PAT-A1153/B1095 Decode Registration Card of PAT/解码PAT准考证 题目内容及题解
A registration card number of PAT consists of 4 parts:
- the 1st letter represents the test level, namely, T for the top level, A for advance and B for basic;
- the 2nd - 4th digits are the test site number, ranged from 101 to 999;
- the 5th - 10th digits give the test date, in the form of yymmdd;
- finally the 11th - 13th digits are the testee's number, ranged from 000 to 999.

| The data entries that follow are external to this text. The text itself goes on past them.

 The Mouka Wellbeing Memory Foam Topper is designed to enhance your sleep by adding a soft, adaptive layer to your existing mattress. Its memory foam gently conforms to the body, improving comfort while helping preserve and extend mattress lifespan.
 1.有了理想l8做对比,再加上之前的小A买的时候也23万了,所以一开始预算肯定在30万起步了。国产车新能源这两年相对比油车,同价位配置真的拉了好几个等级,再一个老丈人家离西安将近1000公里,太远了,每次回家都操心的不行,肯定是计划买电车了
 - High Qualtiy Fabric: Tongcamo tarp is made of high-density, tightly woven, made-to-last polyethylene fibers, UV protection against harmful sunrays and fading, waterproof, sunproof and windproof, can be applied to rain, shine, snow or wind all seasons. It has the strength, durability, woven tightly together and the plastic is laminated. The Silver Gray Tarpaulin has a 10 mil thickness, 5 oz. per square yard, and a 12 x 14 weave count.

Now given a set of registration card numbers and the scores of the card owners, you are supposed to output the various statistics according to the given queries.
PAT 准考证号由 4 部分组成:
- 第 1 位是级别,即 T 代表顶级;A 代表甲级;B 代表乙级;
- 第 2~4 位是考场编号,范围从 101 到 999;
- 第 5~10 位是考试日期,格式为年、月、日顺次各占 2 位;
- 最后 11~13 位是考生编号,范围从 000 到 999。
现给定一系列考生的准考证号和他们的成绩,请你按照要求输出各种统计信息。
Input Specification:
Each input file contains one test case. For each case, the first line gives two positive integers N (≤10^4) and M (≤100), the numbers of cards and the queries, respectively.

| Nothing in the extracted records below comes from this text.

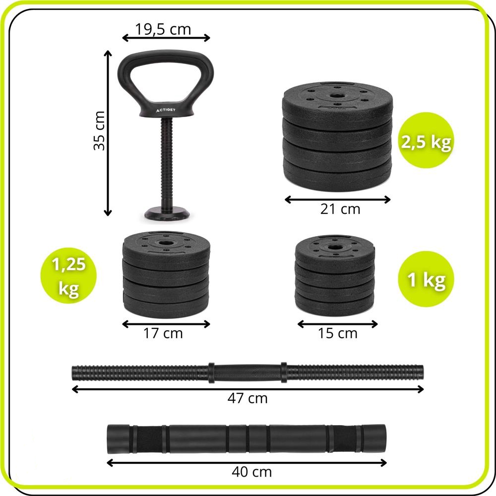 Descriere Set gantere, bara kettlebell ajustabil 30
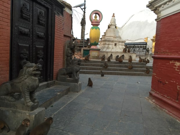 However, the peacefulness and serenity is easily disturbed by monkeys. It’s aptly named ‘Monkey Temple’. They are absolutely everywhere in all shapes and sizes. Not forgetting that they’re quite aggressive, as well as mischievous. At one point, one of cheeky buggers clutched onto Lauren, a fellow volunteer and hissed at her menacingly. We thought we were on thin ground and had to ‘jam jam’ (get a move on in Nepali) from the area.
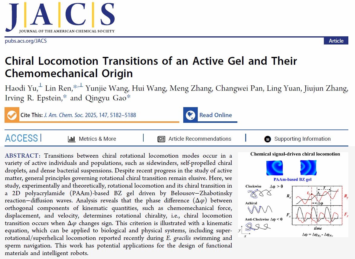 化材学院任林教授与中国矿业大学高庆宇教授和美国布兰迪斯大学I.R. Epstein教授紧密合作取得活性运动研究领域重要进展,相关成果以"Chiral Locomotion Transitions of an Active Gel and Their Chemomechanical Origin"为题发表于化学领域顶级期刊Journal of the American Chemical Society。日本a片
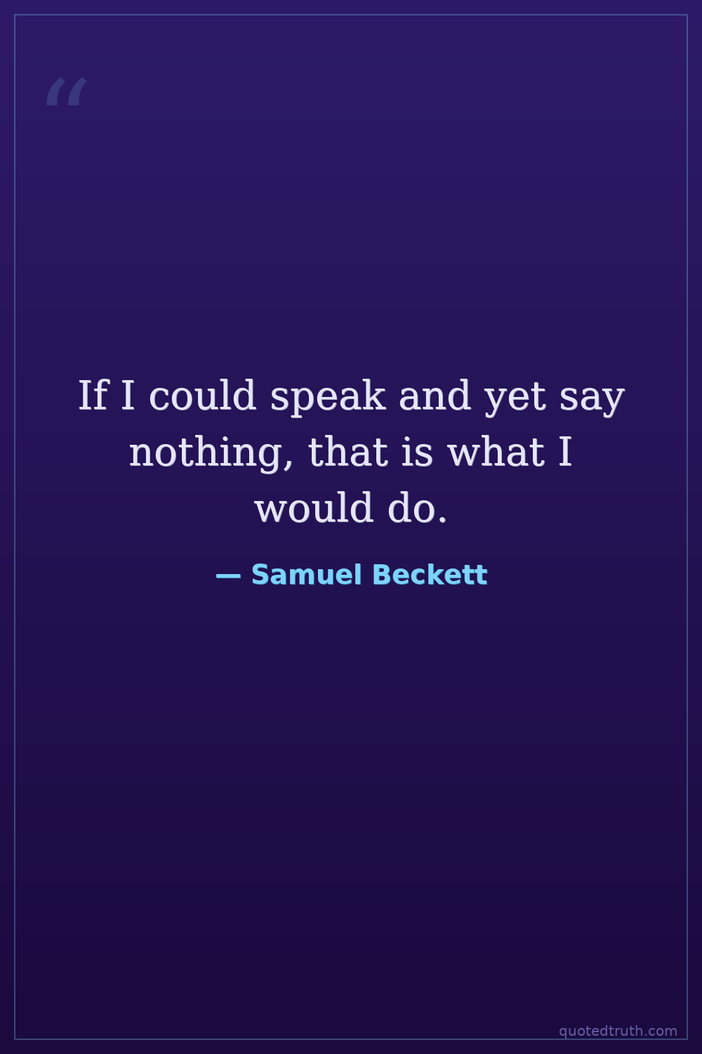 If I could speak and yet say nothing, that is what I would do.
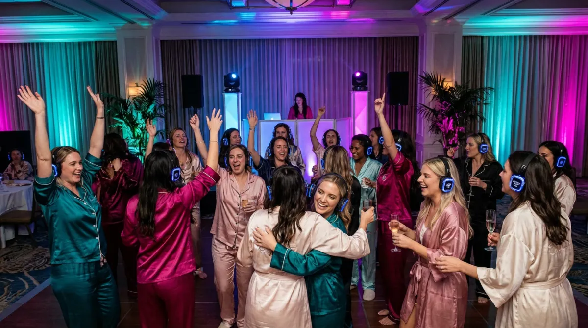 The Silent Disco is a guided, headset-based experience designed to release stress, reclaim joy, and integrate the day’s insights through movement.
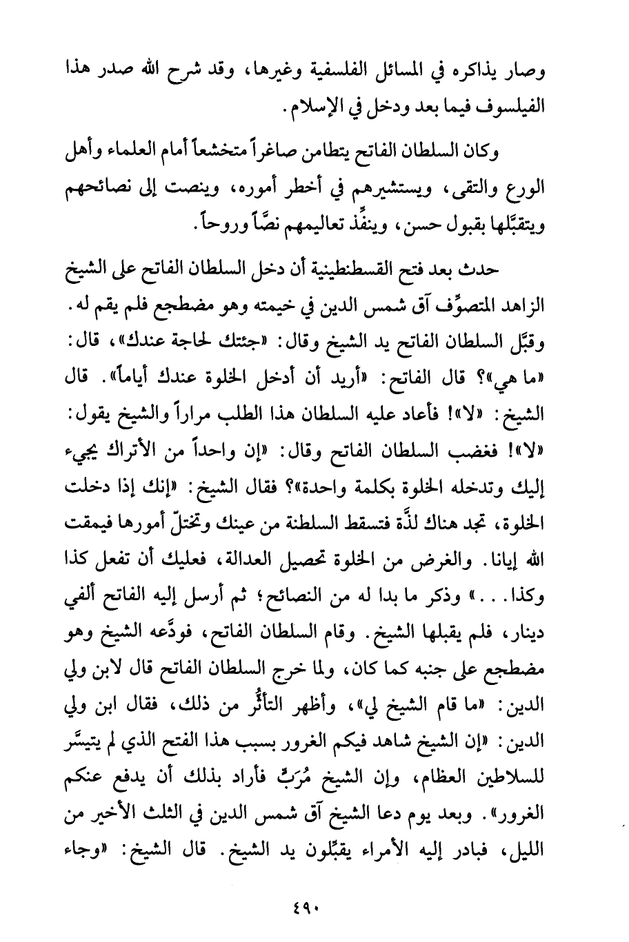 وكان السلطان الفاتح يتطامن صاغراً متخشعاً أمام العلماء وأهل الورع والتقى، ويستشيرهم في أخطر أموره، وينصت إلى نصائحهم ويتقبَّلها بقبول حسن، وينفذ تعاليمهم نصّاً وروحاً.

Then N lines follow, each gives a card number and the owner's score (integer in [0,100]), separated by a space.
After the info of testees, there are M lines, each gives a query in the format Type Term, where
- Type being 1 means to output all the testees on a given level, in non-increasing order of their scores. The corresponding Term will be the letter which specifies the level;
- Type being 2 means to output the total number of testees together with their total scores in a given site. The corresponding Term will then be the site number;
- Type being 3 means to output the total number of testees of every site for a given test date. The corresponding Term will then be the date, given in the same format as in the registration card.
输入首先在一行中给出两个正整数 N(≤10^4)和 M(≤100),分别为考生人数和统计要求的个数。

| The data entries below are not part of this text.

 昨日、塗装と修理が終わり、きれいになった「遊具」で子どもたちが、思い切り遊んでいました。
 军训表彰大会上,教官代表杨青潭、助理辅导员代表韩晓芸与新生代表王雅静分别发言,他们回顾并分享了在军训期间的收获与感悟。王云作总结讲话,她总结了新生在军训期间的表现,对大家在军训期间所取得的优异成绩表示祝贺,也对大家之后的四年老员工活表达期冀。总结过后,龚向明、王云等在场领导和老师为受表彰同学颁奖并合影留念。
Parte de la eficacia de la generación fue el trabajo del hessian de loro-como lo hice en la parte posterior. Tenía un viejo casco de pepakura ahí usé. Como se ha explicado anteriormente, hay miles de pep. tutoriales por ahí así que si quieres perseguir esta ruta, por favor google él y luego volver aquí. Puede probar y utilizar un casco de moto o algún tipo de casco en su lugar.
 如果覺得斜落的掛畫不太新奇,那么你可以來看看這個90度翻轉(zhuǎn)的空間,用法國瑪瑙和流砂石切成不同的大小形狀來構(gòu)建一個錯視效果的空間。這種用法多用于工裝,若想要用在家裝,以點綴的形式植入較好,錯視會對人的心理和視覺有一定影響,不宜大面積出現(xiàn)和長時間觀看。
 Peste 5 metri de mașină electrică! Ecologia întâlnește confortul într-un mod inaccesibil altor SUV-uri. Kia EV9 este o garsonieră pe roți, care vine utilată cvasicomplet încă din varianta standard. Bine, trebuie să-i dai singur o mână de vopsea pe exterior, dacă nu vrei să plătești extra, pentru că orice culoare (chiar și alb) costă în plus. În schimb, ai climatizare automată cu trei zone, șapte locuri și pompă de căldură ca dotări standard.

接下来 N 行,每行给出一个考生的准考证号和其分数(在区间 [0,100] 内的整数),其间以空格分隔。
考生信息之后,再给出 M 行,每行给出一个统计要求,格式为:类型 指令,其中
- 类型 为 1 表示要求按分数非升序输出某个指定级别的考生的成绩,对应的 指令 则给出代表指定级别的字母;
- 类型 为 2 表示要求将某指定考场的考生人数和总分统计输出,对应的 指令 则给出指定考场的编号;
- 类型 为 3 表示要求将某指定日期的考生人数分考场统计输出,对应的 指令 则给出指定日期,格式与准考证上日期相同。
Output Specification:
For each query, first print in a line Case #: input, where # is the index of the query case, starting from 1; and input is a copy of the corresponding input query. Then output as requested:
- for a type 1 query, the output format is the same as in input, that is, CardNumber Score. If there is a tie of the scores, output in increasing alphabetical order of their card numbers (uniqueness of the card numbers is guaranteed);
- for a type 2 query, output in the format Nt Ns where Nt is the total number of testees and Ns is their total score;
- for a type 3 query, output in the format Site Nt where Site is the site number and Nt is the total number of testees at Site. The output must be in non-increasing order of Nt's, or in increasing order of site numbers if there is a tie of Nt.
If the result of a query is empty, simply print NA.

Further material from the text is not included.